Beyond Digital Detox: How to Make a Home for Humans
Scaffolds, Altars, and Screen-Free Living Spaces
Until our move three years ago, our three children (then aged 8 to 14) shared the same, small 10’ by 13’ bedroom. For 15 years, we had lived in a 1400 sq. foot townhome together with my mother-in-law, and she had the master bedroom. It certainly forced us to use our space deliberately, creatively, and with buckets of compromise.1 In a world where every individual is assumed to have the right to a private room, puzzling three children into a tiny space with bunk and loft beds, bookshelves, and clothes cubbies was not only an anomaly, but struck some friends and family as simply undoable.

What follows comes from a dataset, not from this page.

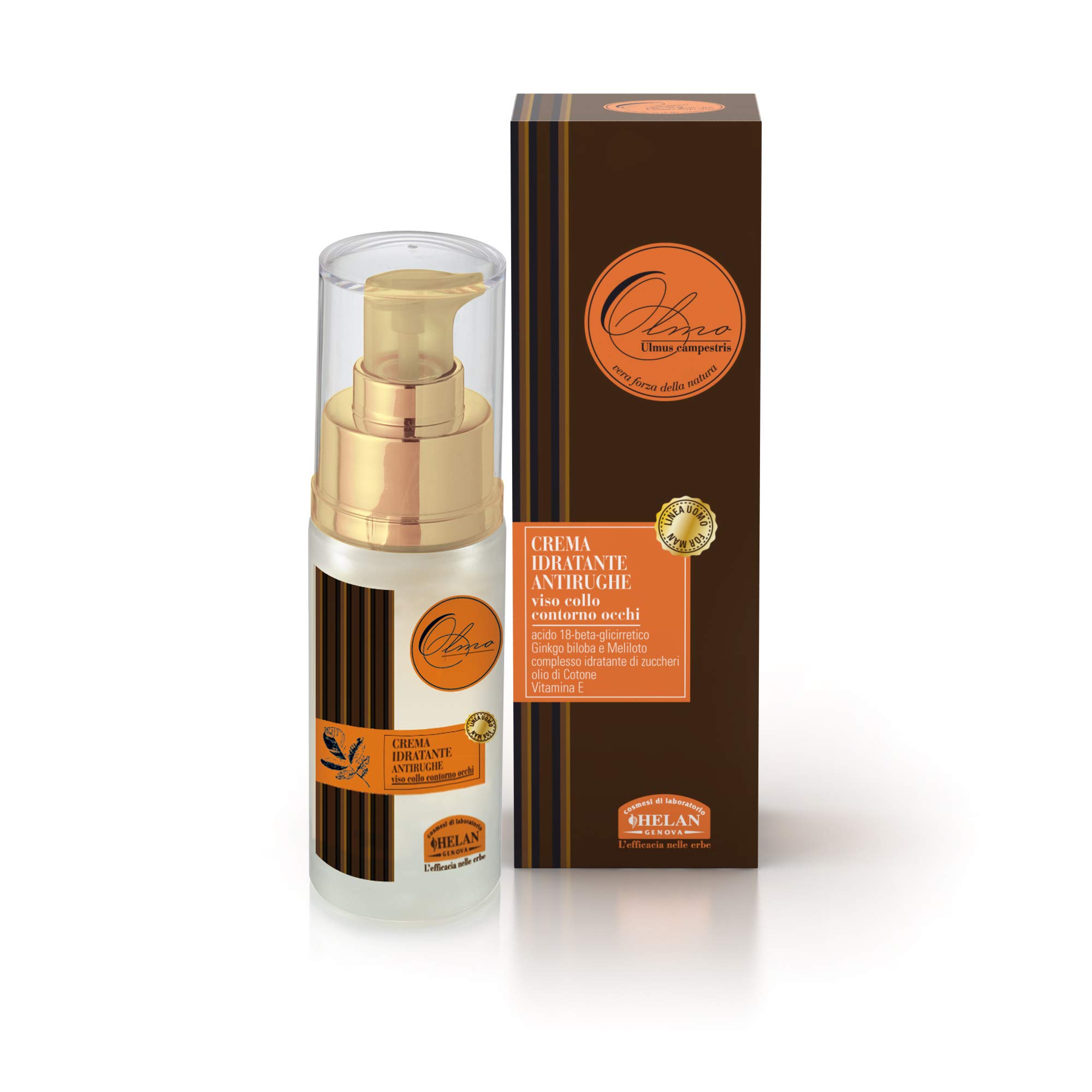 DESCRIPTION DU PRODUIT Hautement efficace, à la texture facile et immédiate absorption et enrichie par la note olfactive fraîche et aromatique de l'orme, donne à la peau une sensation unique de bien-être Pour conserver plus longtemps les caractéristiques de la jeunesse, HELAN a réalisé cette crème où à la première action hydratante est associée à une action apaisante déterminée par l'acide 18-ß-glycyrrrhétique, particulièrement utile pour soulager les irritations et les rougeurs et les extraits du Ginkgo biloba et Melilotus qui aident à prévenir et atténuer les gonflements, les poches et les cernes.

While there were plenty of challenging moments, especially during arguments (“Well, I am going to my room!” followed by “Oh yeah? Me too!”), the constraints of the environment produced a strong and lasting bond between the siblings. The smallness of the space forced them to learn tolerance, compromise, and self-denial, accompanied by a depth of camaraderie that fewer and fewer siblings experience. Their environment forged their interactions and the depth of their connection.

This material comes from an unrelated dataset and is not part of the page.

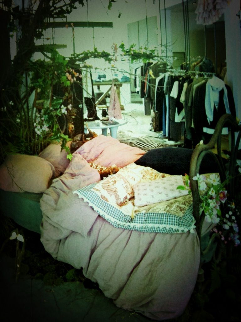 ベッドからにょきにょきと植物が生えているようなディスプレイ

Within the home, environment matters not only in child rearing, it is also fundamental in shaping our interactions with tech. Most often attempts at curtailing digital device use focus on the self: How to refrain from checking behavior, how to focus our attention better, or how to reshape our minds to be present in the moment. Yet in order to produce lasting effects we need to turn things inside out, away from the self, and toward reshaping our surrounding environment. And currently nothing dominates our personal space as ubiquitously as screens.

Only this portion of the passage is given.